*Information supplied*.
----------------
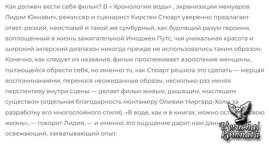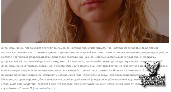 Экранизации книг порождают два типа фильмов: те, которые транслитерируют, и те, которые переводят. В то время как первые настаивают на сохранении духа исходного материала ценой настолько точного воспроизведения, что дело доходит до жесткой постановки, подобно прямой пересадке со страницы на экран, вторые настолько доверяют обоим медиумам, допуская некий поэтический разрыв между книгой и фильмом, как если бы переводили идиому с одного языка на другой. Экранизация может быть рискованным предприятием для опытных кинематографистов, не говоря уже о новичках. Тем более, если вы актриса первой величины, чей режиссерский дебют, вероятно, столкнется с большим вниманием. В свете этого решение Кристен Стюарт экранизировать мемуары 2011 года «Хронология воды» американской писательницы Лидии Юкнавич, которая, вероятно, больше известна своей второй книгой (и первой, опубликованной крупным издательством) «Маленькие спинки детей», говорит о том, что совпадение между артистом и материалом было отнюдь не натянутым или случайным. – Савина П.
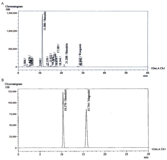 To optimize the extraction of phenolic compounds from SBR and MOB, various ethanol concentrations and extraction times (see Tables S1 and S2), and treatments with different solvents (butanol, chloroform, acetone, and hexane) for different time periods were tested. The total baicalin content (64.2%) in SBR extract was maximized via extraction with 0% ethanol for 2 h followed by treatment with 1.5% phosphoric acid for 0.5 h. Extraction with 50% ethanol for 2 h followed by hexane treatment for 0.5 h resulted in the MOB extract with the highest total magnolol and honokiol contents (51.2%). Each polyphenol in the extracts of GenoTX-407 (Figure 1), SBR, and MOB (Figure S1) was identified by HPLC.
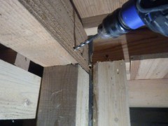 床下の被害部以外にも、今後白ありが入らないように予防の意味もあり主要木部には被害のあるなしに関わらず穿孔処理(ドリルで穴を開ける)を行っていきます。
----------------
Could you retype the whole listing word for word, minus its pictures?

 Экранизации книг порождают два типа фильмов: те, которые транслитерируют, и те, которые переводят. В то время как первые настаивают на сохранении духа исходного материала ценой настолько точного воспроизведения, что дело доходит до жесткой постановки, подобно прямой пересадке со страницы на экран, вторые настолько доверяют обоим медиумам, допуская некий поэтический разрыв между книгой и фильмом, как если бы переводили идиому с одного языка на другой. Экранизация может быть рискованным предприятием для опытных кинематографистов, не говоря уже о новичках. Тем более, если вы актриса первой величины, чей режиссерский дебют, вероятно, столкнется с большим вниманием. В свете этого решение Кристен Стюарт экранизировать мемуары 2011 года «Хронология воды» американской писательницы Лидии Юкнавич, которая, вероятно, больше известна своей второй книгой (и первой, опубликованной крупным издательством) «Маленькие спинки детей», говорит о том, что совпадение между артистом и материалом было отнюдь не натянутым или случайным. – Савина П.
 To optimize the extraction of phenolic compounds from SBR and MOB, various ethanol concentrations and extraction times (see Tables S1 and S2), and treatments with different solvents (butanol, chloroform, acetone, and hexane) for different time periods were tested. The total baicalin content (64.2%) in SBR extract was maximized via extraction with 0% ethanol for 2 h followed by treatment with 1.5% phosphoric acid for 0.5 h. Extraction with 50% ethanol for 2 h followed by hexane treatment for 0.5 h resulted in the MOB extract with the highest total magnolol and honokiol contents (51.2%). Each polyphenol in the extracts of GenoTX-407 (Figure 1), SBR, and MOB (Figure S1) was identified by HPLC.
 床下の被害部以外にも、今後白ありが入らないように予防の意味もあり主要木部には被害のあるなしに関わらず穿孔処理(ドリルで穴を開ける)を行っていきます。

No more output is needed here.